I am glad to hear that correction about Baroness Thatcher. I think that the hon. Gentleman would also accept his Government’s own figures, which show that pensioner poverty is now at its lowest level for 30 years. I am sure that he would accept that pensioner incomes increased faster than gross domestic product and faster than earnings over the past 13 years. That is why we are proud of our record of delivering on pensions.
In response to an intervention by the hon. Member for Slough (Fiona Mactaggart), the right hon. Gentleman said that the legal advice was news to him. It was not news to the House of Lords, however, as it was debated there on 15 February, at which point this matter was raised. Surely the real news appeared in the weekend’s newspapers, which have provided yet another bandwagon for the right hon. Member to jump on.
I do not know how much attention the hon. Gentleman has been paying to this debate, but we championed this issue before it came to the House of Lords and as it went through the other place.
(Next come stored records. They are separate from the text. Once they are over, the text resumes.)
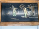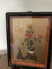 Vintage Oriental Carved Jade And Floral Picture Shadow Box Decoration
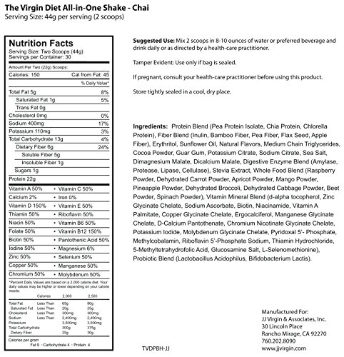 -. Title : JJ Virgin | All-in-One Plant Based CHAI Shake | 30 Servings | 22 Grams of Protein | Meal Replacement | Weight Loss Support | Dairy, Gluten, & Soy Free!
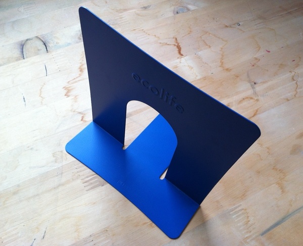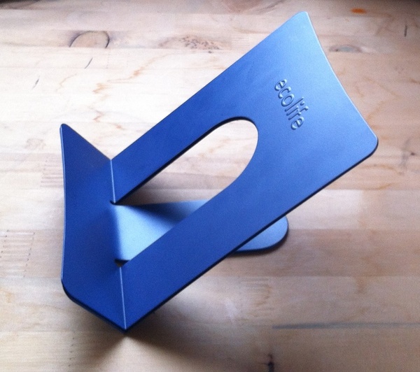作り方はとっても簡単です。まずは100円ショップに行って2個セットで100円ナリのブックスタンドを買います。そして、買ったブックスタンドを机の上に重ねて置いたところで、エイヤっと力をかけて勢いにまかせて曲げてみます。すると、それだけで「お手軽ノートPCスタンド」ができあがり、です(右下写真が折ったブックスタンドが2つ重なっている写真です)。

We will champion it through the House of Commons as well, until this bad Bill has been thrown out.
I agree that, for a small group of women, the Bill is unfair. However, I was pleased that the Secretary of State said that he would be happy to look at transitional arrangements. The right hon. Gentleman has been very good at criticising the Government, but will he please tell the House what the Labour party’s plans are?
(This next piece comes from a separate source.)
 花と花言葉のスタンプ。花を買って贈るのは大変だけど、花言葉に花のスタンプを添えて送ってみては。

I am grateful to the hon. Gentleman for decoding the Secretary of State’s remarks and putting on record that there will be transitional arrangements. I heard about that only by looking this morning at certain blogs written by Liberal Democrat Members, who also expressed great confidence that there would be a compromise on this. We look forward to hearing a lot more about what that compromise will be. It is a shame that it is not in the Bill in time for this Second Reading debate. We would all understand the logic of this if we heard a little more from the Secretary of State about why the Government are introducing this measure.
The truth is that the Secretary of State used as a justification for his argument the idea that women in this position will somehow be living that much longer to enjoy their new pension. Well, they will draw cold comfort from that. The point is that it is simply not realistic for women in their late 50s, who are truly fearful about being given no time to adjust to their loss of income. Surely that is the critical point for us this afternoon. Women in their later 50s will have earned less over their lifetime; they have lower state pension and private savings than men; many have been unable to join a workplace pension and have interrupted their careers to look after their family; many will have stood down from jobs on the understanding that they would get that state pension early.
These are not simply my assertions; they are the Government’s own facts. The Pensions Minister was forced to tell my hon. Friend the Member for Leeds West (Rachel Reeves) that 40% of women aged 56 have no private pension wealth:
“The proportion of women aged 56-years-old who have no private pension wealth”,
he told the House on 10 March,
“is estimated to be 40%.”—[Official Report, 10 March 2011; Vol. 524, c. 1266W.]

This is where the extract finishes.